Greater Reduction in Budget Deficit
Also on March 18, the Congressional Budget Office released its estimate of the budget impact of the reconciliation bill combined with the Patient Protection and Affordable Care Act. According to the CBO, the combination would produce a net reduction in federal deficits of $138 billion over the 2010-2019 period. The incremental reduction from the reconciliation bill alone is estimated at $20 billion over the period. The CBO also estimates that the combined legislation would continue to reduce the budget deficit after 2019.
Picking Up Liberals and Blue Dogs
The House is expected to vote on the legislation Sunday, March 21. House Speaker Nancy Pelosi had promised members that they would have 72 hours to review the reconciliation bill before a vote, and since the text of the bill was released on Thursday, Sunday is the earliest a vote could be scheduled. The House will actually vote only on the reconciliation bill, and House Democratic leadership has arranged it so that the Patient Protection and Affordable Care Act will be deemed passed if the reconciliation bill passes.

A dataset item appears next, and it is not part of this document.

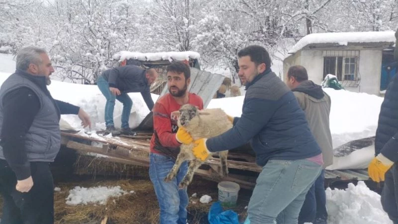 Kocaeli’nin Gölcük ilçesinde üzerine biriken karın ağırlığı ile çöken ahırda mahsur kalan çok sayıda küçükbaş hayvan, belediye ekiplerince telef olmaktan kurtarıldı.

The House needs 216 votes to pass the legislation. There had been some concerns about whether Speaker Pelosi would be able to round up enough votes, but momentum appears to be building, and it now appears that Speaker Pelosi will be able to pick up the remaining votes she needs by Sunday. President Obama postponed a planned trip to Indonesia and Australia to help in the push to convince wavering Democrats in the House. Earlier in the week, he succeeded in winning the support of Dennis Kucinich, a liberal Democrat from Ohio who had voted against the healthcare reform bill last November. Members of the “Blue Dog” coalition of conservative Democrats, too, had generally been opposed to the reform bill, but later in the week some members announced they were willing to support the legislation. The deficit reduction estimates announced by the CBO on March 18 helped in the effort to convince fiscal conservatives to support the bill.
If the legislation passes the House on Sunday, it will then be up to the Senate to pass the reconciliation bill, for which they will only need 51 votes, and then President Obama will sign the legislation into law. After many ups and downs, it now appears that the healthcare reform bill is heading toward passage.

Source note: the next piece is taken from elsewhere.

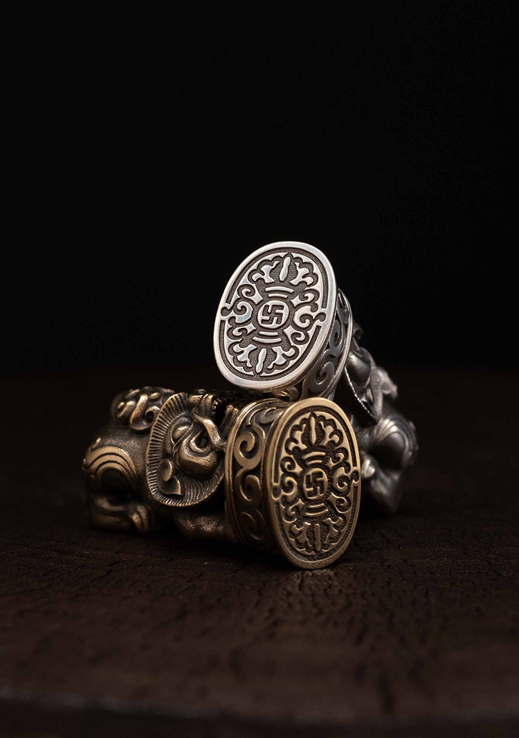 【チベット雪獅子法印】を意匠の源とし、 その精髄を汲み取り、余計な装飾を排して、静謐かつ威厳ある姿へと昇華させました。形は簡潔ながら、内に秘めた気品と荘厳さが漂います。

The Health Care Summit: (from left) Senate Majority Leader Harry Reid, House Speaker Nancy Pelosi, Vice President Joe Biden, President Barack Obama, HHS Secretary Kathleen Sebelius, Senate Republican Leader Mitch McConnell.
President Obama spent yesterday with key members of Congress from both parties in an all-day televised meeting ostensibly designed to bridge differences over healthcare reform. Unsurprisingly, Congressional Republicans had no interest in reaching a compromise. The real objective of the event, however, was to create momentum for Democrats in Congress to push ahead with legislation, using the reconciliation process to bypass a Republican filibuster in the Senate.
The Obama Plan
Leading up to yesterday’s meeting, President Obama started the week by releasing his own proposal for healthcare reform. In essence, it is an attempt to bridge the differences in the House and Senate versions of the healthcare reform bill, basically by tweaking the Senate bill in order to make it more palatable to House Democrats.
For example, compared to the Senate bill, the President’s proposal increases subsidies for beneficiaries, particularly lower-income beneficiaries, who purchase health insurance in the insurance exchanges that will be created. Both the House and Senate bills impose penalties on individuals who choose not to purchase health insurance even when they have affordable insurance options available to them, with exemptions for people who cannot afford any insurance. The President’s proposal would lower the penalties on lower-income individuals while increasing the penalties for higher-income individuals. Like the Senate bill, the President’s proposal does not impose a mandate on employers to provide insurance to their employees, but it does require employers to help cover the cost of insurance if their employees get subsidized coverage in the exchanges. Compared to the both the House and Senate bills, however, the President’s proposal lowers the assessment that employers would have to pay.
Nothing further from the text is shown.